Health, safety and environmental management at the BP Grangemouth Complex
Safety management at the BP Grangemouth Complex - Finding
The key findings of the Competent Authority
in relation to health, safety and environmental management at Grangemouth
resulting from the incident specific investigations and the site wide
safety culture and human factors investigation are given below.
BP group
policies
BP group policies set high expectations but
these were not consistently achieved because of organisational and
cultural reasons at the Complex:
- BP group
policies (Getting HSE Right (GHSER);
Getting Maintenance and Reliability Right and the Major Accident
Prevention Policy) set high standards and follow the principles of the
HSE POPMAR model for successful
health and safety management, and are capable of delivering compliance
with the law and the company stated aims of "no accidents, no harm
to people and no damage to the environment";
- The
management structure based on separate business streams acting in a
loose federation remained substantially in place until April 2000,
despite the changes implemented by the new Complex Director from
November 1999. The historical structure did not enable
consistent leadership and a strong site safety strategy to be set and
consistently achieve high standards across the Complex;
- The three incidents would not have
occurred if BP’s high standards and policies and procedures been
followed consistently across the Complex.
BP Group &
Complex Management
BP Group & Complex Management did not
detect and intervene early enough on deteriorating performance:
- Prior to the
appointment of the new Complex Director and Health, Safety and
Environmental Manager in October 1999 significant weaknesses existed
in recognition of and acceptance of the safety and reliability
performance with major accident hazard implications.
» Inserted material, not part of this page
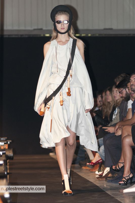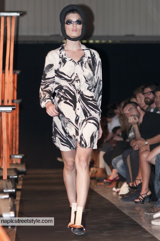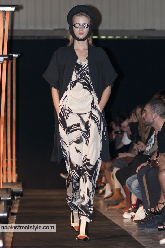 La collezione Spring/Summer 2011 di Henrik Vibskov è ambientata in un universo dominato da un drammatico ed ancora sconosciuto avvenimento che ha appena avuto luogo. Si respira un'atmosfera di incertezza, dinamica, resa mutevole da alcune intallazioni in movimento: un'atmosfera post-apocalittica. Le sagome di miscrorganismi, scialuppe di salvataggio, genitali, funghi, minerali, sono infatti l'ispirazione per stampe e silhouette. Il mood gnerale è "noir" ma con senso di ottimismo reso empirico e percepibile dagli sforzi assoluti di ricercare quello che è stato distrutto. "Abbiamo giocato con la costruzione delle fantasie, abbandonando la tecnica ed utilizzando il drappeggio per un taglio basato su temi bidimensionali" dice il designer. Un vero e proprio studio nelle forme dei capi attraverso cui traspare la bidimensionalità come la prima tra le scienze: forme pure, minime, esasperate all'ennesima potenza.

A series of major
initiatives had been instigated by BP in November 1999 to address
this. However these did not have sufficient time to fully effect a
significant improvement in culture and performance in the 6 months
leading up to the series of incidents;
- Inadequate
performance measurement and audit systems, poor root cause analysis of
incidents, and incorrect assumptions about performance based on lost
time accident frequencies (DAFWCF – days away from work case
frequencies) and a lack of key performance indicators for loss of
containment incidents meant that the company did not adequately
measure the major accident hazard potential. Since the incidents BP
have worked in conjunction with the wider chemical industry and with
the HSE to develop new Key Performance Indicators for process safety.
COMAH and
Pressure Systems process safety regime
BP failed to achieve the operational
control and maintenance of process and systems required by law:
- Insufficient
management attention and resources was given to maintaining and
improving technical standards for process operations and enforcing
adherence to standards, codes of practice, good engineering practice,
company procedures and the HSE guidance;
- Maintenance
of containment and integrity of high hazard plant was inadequate at
the FCCU and in the MP steam main incidents;
- Process
safety review used elsewhere in BP for major accident hazard
installations review (to analyse installation condition and ensure
prevention of major incidents) was not used and no effective
equivalent procedure was in place;
- Learnings
from major chemical industry accident reports (Texaco
and Associated Octel) were not
adequately actioned. On-site loss of containment incidents of
relevance to the FCCU incident were not properly analysed and actioned.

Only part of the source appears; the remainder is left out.